In Czechoslovakia a very careful study was made and documented. Here it is:
Charles University in Prague did thirteen years of carefully done and reported abortions. All were performed in the gynecology department of a hospital. The limit was set at very "safe" levels: no abortions past the twelfth week (3 months) of pregnancy. The "safest method" was used: vacuum curettage. The patient stayed an average of 3 to 5 days in the hospital, and then another full week at home (receiving insurance benefits for lost wages). This is what they discovered:
"Acute inflammatory conditions occur in 5% of the [abortion] cases, whereas permanent complications such as chronic inflammatory conditions of the female organs, sterility, and ectopic [tubal] pregnancies are registered in 20-30% of all women [who received abortions]. . these are definitely higher in primagravidas [initial abortions]." "Especially striking is an increased incidence in ectopic pregnancies.
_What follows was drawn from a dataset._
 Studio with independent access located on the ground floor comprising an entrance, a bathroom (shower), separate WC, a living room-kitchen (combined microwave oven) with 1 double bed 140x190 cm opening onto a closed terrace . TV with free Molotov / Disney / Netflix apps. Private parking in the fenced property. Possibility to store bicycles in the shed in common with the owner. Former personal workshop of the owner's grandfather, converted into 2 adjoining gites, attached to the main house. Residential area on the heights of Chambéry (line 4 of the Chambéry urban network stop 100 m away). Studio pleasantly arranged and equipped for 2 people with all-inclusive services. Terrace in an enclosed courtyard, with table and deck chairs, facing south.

A high incidence of cervical incompetence resultant from abortion has raised the incidence of spontaneous abortions [miscarriage] to 30-40%. We rather often observe complications such as rigidity of the cervical os, placenta adherens, placenta accreta, and atony of the uterus. "-A. Kodasek, "Artificial Termination of Pregnancy in Czechoslovakia," in International Journal of Gynecology and Obstetrics, 1971, vol. 9, no. 3.


LATER DANGERS
First, there is the problem of premature births:
A woman who has had an abortion is more likely to have premature births thereafter. This is due to the fact that the cervix was cut and weakened by the abortion, and so thereafter is not as able to bear up under the weight of a growing child. It will tend to open prematurely instead of trying to bear up under the weight. This results in a number of problems, as we shall see below.
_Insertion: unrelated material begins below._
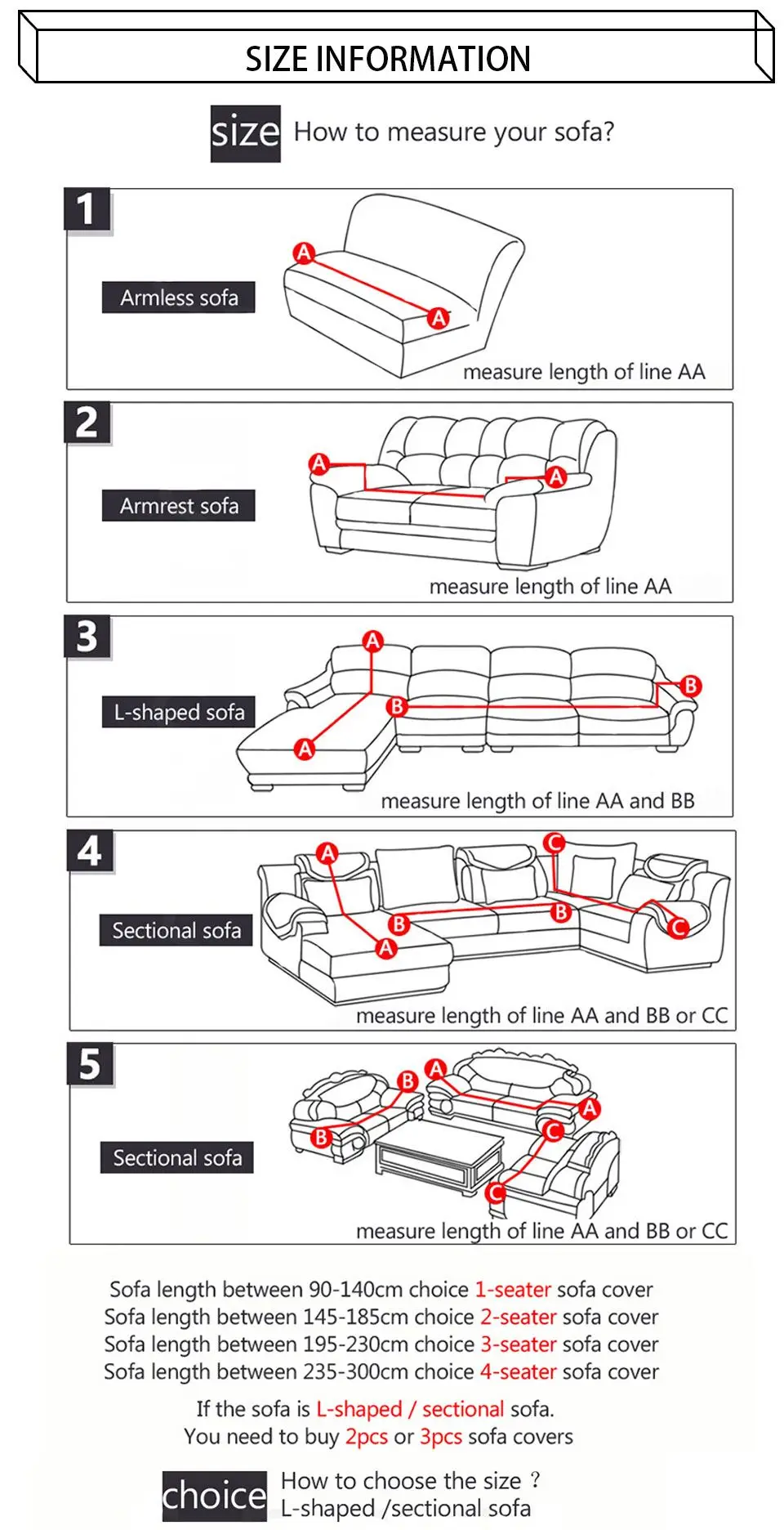 Пожалуйста, тщательно измерьте размер вашего дивана. Также учитывайте подлокотники. Если вы не принимаете подлокотники во внимание, чехол для дивана может не поместиться на вашем диване.

Women who have had abortions have twice the likelihood of a premature baby later. (G. Papaevangelou of the University Hospital, Athens, Greece, in British Commonwealth Journal of Obstetrics and Gynecology, 1973.)
After just one legal abortion, the increase of later premature births is 14% more likely, after two it is 18%, and three it is 24%. (Klinger, "Demographic Consequences of the Legalization of Abortion in Eastern Europe," International Journal of Gynecology and Obstetrics, September, 1971.)
As mentioned earlier, Czechoslovakia is one of the few countries that has openly investigated the situation and reported all of its findings. Premature births resulting from earlier abortions are so frequent there that if a pregnant woman is known to have had an earlier abortion, she now receives very special care: If the physicians can see scar tissue on the cervix, they will sew it closed [!] in the 12th or 13th week of pregnancy. The patient will then have to stay in bed in the hospital as long as necessary, which in some cases can mean months.